When I first saw it in December, it was at a sneak preview and the director and screenwriter were there for a Question and Answer session after the film. Strangely enough, no one asked them if

[spoiler]that was Simón or Tomás who pushed Laura in the bathroom. Also, I don’t remember anyone asking straight out if the children were actually real. They mainly answered questions about the locale, and getting the financing and technical questions. They were really nice guys and fun to talk to. I’d love to go to a Q&A now that I’m much more familiar with the movie. After the first viewing I was too emotionally stunned by suicide being a “happy ending” to think of any intelligent questions.

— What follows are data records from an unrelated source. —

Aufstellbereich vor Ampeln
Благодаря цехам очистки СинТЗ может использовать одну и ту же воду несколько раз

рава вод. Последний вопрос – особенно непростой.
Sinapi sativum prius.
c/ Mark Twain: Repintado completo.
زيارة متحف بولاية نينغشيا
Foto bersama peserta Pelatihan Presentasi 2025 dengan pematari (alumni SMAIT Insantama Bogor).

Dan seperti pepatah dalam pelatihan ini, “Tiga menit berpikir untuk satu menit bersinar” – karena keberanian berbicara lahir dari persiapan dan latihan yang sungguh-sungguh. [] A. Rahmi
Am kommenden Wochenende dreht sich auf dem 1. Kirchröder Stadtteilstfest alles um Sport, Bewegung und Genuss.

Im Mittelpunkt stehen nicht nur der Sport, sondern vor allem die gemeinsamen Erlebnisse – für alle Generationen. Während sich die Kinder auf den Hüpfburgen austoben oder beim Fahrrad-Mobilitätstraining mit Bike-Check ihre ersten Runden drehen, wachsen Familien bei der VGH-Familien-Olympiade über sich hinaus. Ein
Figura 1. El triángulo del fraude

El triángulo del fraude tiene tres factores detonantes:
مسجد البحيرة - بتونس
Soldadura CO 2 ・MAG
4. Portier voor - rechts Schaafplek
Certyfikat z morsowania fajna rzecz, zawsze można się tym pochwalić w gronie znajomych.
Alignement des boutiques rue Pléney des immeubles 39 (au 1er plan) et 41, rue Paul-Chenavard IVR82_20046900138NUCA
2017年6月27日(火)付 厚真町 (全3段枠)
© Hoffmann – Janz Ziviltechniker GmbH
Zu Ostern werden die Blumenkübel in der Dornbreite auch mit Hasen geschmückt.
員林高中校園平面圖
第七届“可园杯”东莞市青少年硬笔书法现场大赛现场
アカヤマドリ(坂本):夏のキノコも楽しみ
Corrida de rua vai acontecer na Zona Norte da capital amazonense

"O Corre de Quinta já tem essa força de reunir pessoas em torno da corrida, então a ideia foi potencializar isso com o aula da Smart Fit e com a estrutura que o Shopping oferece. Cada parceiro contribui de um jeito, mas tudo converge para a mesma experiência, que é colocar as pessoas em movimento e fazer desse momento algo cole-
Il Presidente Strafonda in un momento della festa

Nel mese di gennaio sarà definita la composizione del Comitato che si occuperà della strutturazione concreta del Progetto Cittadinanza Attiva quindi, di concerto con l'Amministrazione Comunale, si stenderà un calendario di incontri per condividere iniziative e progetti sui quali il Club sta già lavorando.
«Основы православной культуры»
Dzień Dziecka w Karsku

My own thought is that it was Simón who pushed Laura, but that the kids really did exist and left the clues for her to find Simón. I too don’t understand why the police didn’t find Simón, or why no one heard him if he yelled, and he certainly would have yelled, but I’m willing to go with it. [/spoiler]

“One two three
Knock on the wall”

Does that game actually exist?

Okay, sure, I wasn’t entirely confident about which motivation you were addressing (Simón’s or the director), so I thought I’d throw in both. But back to Simón. I think we have to remember that he was also on a regular round of medication. I think the subtitles mentioned it was HIV and not full-blown AIDS, but I inferred he was supposed to be sick, which along with the disabling fall, would hasten both his being cold and eventual death. Either that, or he continued to wear the mask because it was comforting to him. Beyond that, I dunno; all complete guesswork on my part because either the director didn’t explain it, or I missed a hint somewhere.

But last year’s Pan’s Labyrynth was played in commercial cinemas, more specifically the Rave theater by O’Neal, and I know because I went to see it.

I keep looking every week… I want to see it dammit!